Sir Crispin Tickell GCMG KCVO 
Formerly: Director, Policy Foresight Programme, Oxford Martin School, University of Oxford (2006-10); Chancellor, University of Kent (1996-2006); Chairman, Climate Institute of Washington, DC (1990-2002); Member, British Government Task Force on Urban Regeneration (1998-99); Warden, Green College Oxford (1990-97); British Permanent Representative to the United Nations, New York (1987-90); Permanent Secretary, Overseas Development Administration (now DfID) (1984-87); British Ambassador to Mexico (1981-83). A Governor, The Ditchley Foundation.
Mr Tim Yeo 
Member of Parliament (Conservative) for Suffolk South (1983-2015); Chair, Energy and Climate Change Select Committee (2010-15); Chair, University of Sheffield Energy 2050 Industrial Advisory Board. Formerly: Chair, Environmental Audit Committee (2006-10); Minister of State for the Countryside and Environment.

USA
Mr Jason Bordoff 
Founding Director, Center on Global Energy Policy, and Professor of Professional Practice in International and Public Affairs, Columbia School of International and Public Affairs (2013-); Member, Council on Foreign Relations; Member, National Petroleum Council; Consultant to the National Intelligence Council; Board Member: New York Energy Forum and Association of Marshall Scholars.
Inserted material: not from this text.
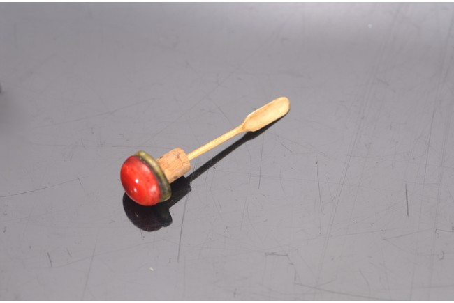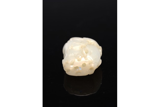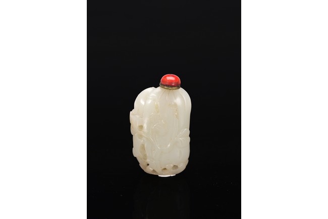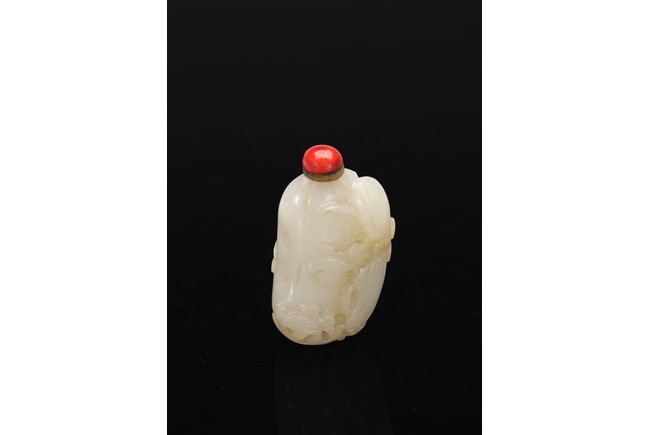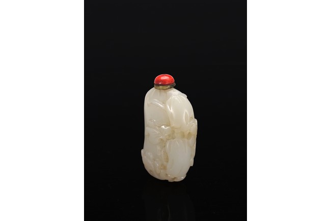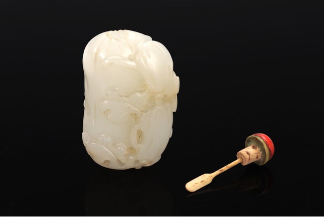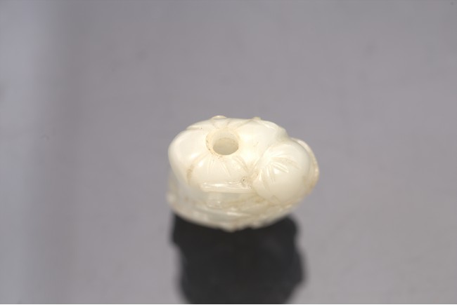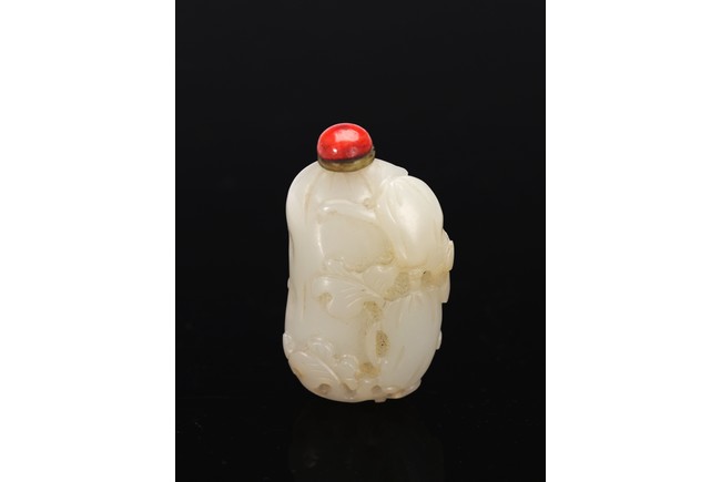 Well-hollowed,carved as a melon with smaller leafy melons clinging to its sides,the stone is of polished even white tone. Withy Stopper. Mid Qing Dynasty period,1750-1800.

Formerly: Special Assistant to the President and Senior Director for Energy and Climate Change, National Security Council.
Mr James Cameron 
Non-Executive Chairman, Climate Change Capital, London; Chairman, Overseas Development Institute; Infrastructure UK Advisory Council, HM Treasury; Ecomagination Board, GE; Advisor to Climate Bonds Initiative; Trustee, UK Green Building Council and the Carbon Disclosure Project; Commissioner, London Sustainable Development Commission. Formerly: Green Investment Bank Commission; UK Prime Minister's Business Advisory Group (2010-12); Counsel and Founder and Head of Climate Change and Clean Energy Practice, Baker & McKenzie.
Mr Jason Crabtree 
Chief Executive Officer, Rationem, Washington, DC; Co-Founder, Distributed Energy Management; Technology and Energy Entrepreneur. Formerly: Rhodes Scholar, University of Oxford; Captain, US Army (2008-14).
Mr Andrew Darrell 
Chief of Strategy, Energy and Finance, Environmental Defense Fund, New York. Formerly: Member, New York City Sustainability Advisory Board.

USA/GREECE
Ms Stella Thomas 
Founder and Managing Director, Global Water Fund, New York, Oxford, Zurich; Policy and Development Consultant on water and climate issues related to health, economic, ecological and social risks; Expert Advisor on human and national security, political and business risk, around water management and governance.

USA/UK
Mr Joel Kenrick
Consultant, The Boston Consulting Group. Formerly: Head of Public Affairs, WWF-UK (2012-13); Special Adviser to Secretary of State for Energy and Climate Change, UK Department of Energy and Climate Change (2010-12); Climate Change Policy Advisor, Nigeria Infrastructure Advisory Facility (2012) and Confederation of British Industry (2008-09).